Sequencing of 307 putative SSR positive clones yielded 457 non-redundant genome survey sequences (GSSs) of which 299 (65.4%) GSSs provided 643 SSRs. While comparing the SSR-enrichment efficiency with other studies like groundnut where 490 SSRs were found in 720 SSR positive clones (68%) (Cuc et al. 2008), the present study also showed SSR isolation efficiency at the rate of 65%. In terms of different classes of SSRs, tri-nucleotide (40%) and di-nucleotide (39%) motifs constituted the major proportion of SSRs followed by mono-nucleotides (16%) and tetra-nucleotide (3%). Similar kind of distribution of different

152

SSR classes was observed in different SSR isolation studies in chickpea (Hüttel et al. 1999; Winter et al. 1999; Lichtenzveig et al. 2005). While comparing the abundance of different SSR motifs, TAA/ATT repeats were found more abundant followed by GA/CT. These observations are not surprising because: (1) the library was enriched for TAA and GA repeat motifs, and (2) TAA repeat motifs have been reported abundant in earlier studies in chickpea (Hüttel et al. 1999; Winter et al. 1999; Lichtenzveig et al. 2005) as well as other legume or plant species such as, soybean (Akkaya et al. 1992; Cregan et al. 1994), Medicago (Mun et al. 2006), tomato (Smulders et al. 1997) and pine (Echt and May- Marquardt 1997). This was also illustrated in a comparative study on SSRs in ESTs of different legume and cereal species (Jayashree et al. 2006) and in silico sequence analysis among some cereal species (Varshney et al. 2002).

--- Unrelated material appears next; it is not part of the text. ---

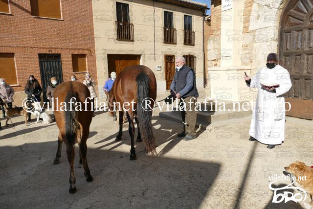 Capellanía o Patronato de Legos, fundado en la parroquial de Santa María del Moral de Villafáfila, posiblemente a finales del siglo XV, y en todo caso antes de 1504, por María Fernández, viuda de Fernán Fernández, vecina de Villafáfila, de presentación de los patronos, pues desde ese año la gozaba Diego de Robles[1], arcipreste de Villafáfila. Tenía de cargo el decir 50 misas rezadas al año. Cinco familias de la villa figuraban como patronos que gozaban entre sí de una heredad de tierras y que tenían derecho de enterramiento en la capilla. Poco sabemos de los fundadores que tal vez estuvieran representados por el orante con ropilla roja y la señora representados en una de las tablas del banco. María Fernández ya figura como viuda en el padrón de 1497. Sabemos que habían sido propietarios de una explotación salinera en Villafáfila, actividad industrial, de la que participaban en el siglo XV los principales vecinos de la villa, así clérigos, pecheros o hijosdalgos, pues se documenta en 1500 a: “una María Fernández vezina de la dicha villa que tenya una cabaña e arrendaba el monte de dicho don Pedro Pimentel[2] para faser sal en ella”[3]; En los apeos de cabañas de hacer sal de 1522 y 1528 se mencionan una cabaña y varias posadas de hacer sal, que pertenecían a la capilla de San Antonio, procedentes, sin duda, de los bienes dotales de la misma. Los patronos en 1647 son Diego de Traslago Macías Martínez, Antº Simón, Salvador de Villalba y Juan Pedrero de Bretó. En 1662 Antº Simón, Salvador Villalba, Antº Martínez, Juan García, viudo de Luisa Martínez y la viuda de Diego de Treslago. A principios del siglo XVIII los derechos de patronato recaen por herencia en la familia de los Costilla, y es capellán Pedro Costilla. En 1752 figuran como bienes del patronato tenía 48 fanegas, distribuidas en 18 fincas y 1 viña (en Valdeloma), de 1/2 fanegas, que rentaban 4 cargas de pan mediano; y tenía por carga 100 misas anuales. Todavía en 1822 se mencionan a las familias que tienen a cargo el patronato: D. Teódulo Orduña. D. Gabriel Costilla, el curador del dos hijas menores de don Gaspar Costilla, recién fallecido, Alonso Gutiérrez y Manuel Castillo. Con la desamortización las tierras pasaron a la propiedad efectiva de los patronos abonando una pequeña cantidad a la Hacienda Pública. Fiestas de San Antonio Abad “San Antón”, subasta del cerdo de San Antón La fiesta de San Antonio Abad era muy celebrada en Villafáfila, como devoción de la iglesia de Santa María del Moral, con la manutención del cerdo, la costumbre de criar uno o más cerdos que se subastaban el día 17 de enero para sacar limosnas con las que sufragar los gastos de la función de ese día, que se hacía ante el altar del santo y a la puerta de Santa María donde se acudía con los animales de labor engalanados para la ocasión. Se conservan las cuentas que recibía el santo entre 1847 y 1893 de las limosnas cuyo importe resultante de la subasta se destina a sufragar los gastos de la Fundación del Santo y unos años se rifaba el cerdo y otros no, según se hubiera criado por las calles el “marrano Antón”. En las cuentas de 1821 Leemos: “Dos celemines para la manutención de una cerda de San Antonio”. Otras veces se dice “el cerdo Antón”[4]. El último año de que se tiene constancia de subasta del marrano fue en 1880 que valió 328 reales. En Villafáfila pervivía la tradición en las fiestas de San Antón, hasta los años sesenta del siglo XX, donde se celebraba con gran solemnidad la festividad de San Antonio Abad, “San Antón”, patrono de los animales. En la liturgia se bendecía a los animales ante su imagen en el día de la fiesta y se recitaban los llamados refranes de “San Antón”, que eran pequeñas rimas recitadas por la quintada del año en burro, y parodiando acontecimientos que habían ocurrido el año antes en el pueblo o al propio santo. ¡O San Antón Glorioso! que estas en esa tronera, con el ojo de cristal, y el pito de madera[5]. También era típico entre la juventud, el tirar paja a la portalada de las casas, o lo que llamamos “echar marranas”, aún entre vecinos alguna se hace dejarla a la puerta como la de la fotografía.

In case of BAC-end sequences (BESs), only 5,123 of 46,270 BESs were detected to have 6,845 SSRs scanning one SSR per every 4.85 kb. Unlike the SSRs derived from microsatellite enriched library, the di-nucleotide SSRs (mainly “AT” rich) were most abundant compared to tri-nucleotide repeats in identified BES-SSRs. This fact corroborates the fact that AT repeat motifs are abundant in chickpea genome. BAC libraries have been targeted for isolation of SSRs in chickpea earlier (Rajesh et al. 2004; Lichtenzveig et al. 2005). BES-derived SSR markers have been developed in several other legume species like Medicago (Nam et al. 1999), soybean (Cregan et al. 1999), common bean (Vanhouten and MacKenzie 1999), etc. One of the most important advantages of the BES-SSR markers over genomic or EST-derived markers is that they serve as anchor points between genetic and physical maps. Such linkages have been shown in several crops like rice (Tao et al. 2001; Chen et al. 2002), maize (Coe et al. 2002), cotton (Xu et al. 2008), melon (González et al. 2010), etc. As at the time of initiation of this study, no physical map was available for

153

chickpea, the developed BES-SSR marker resources is an useful resource for linking the genetic map of chickpea with future physical map.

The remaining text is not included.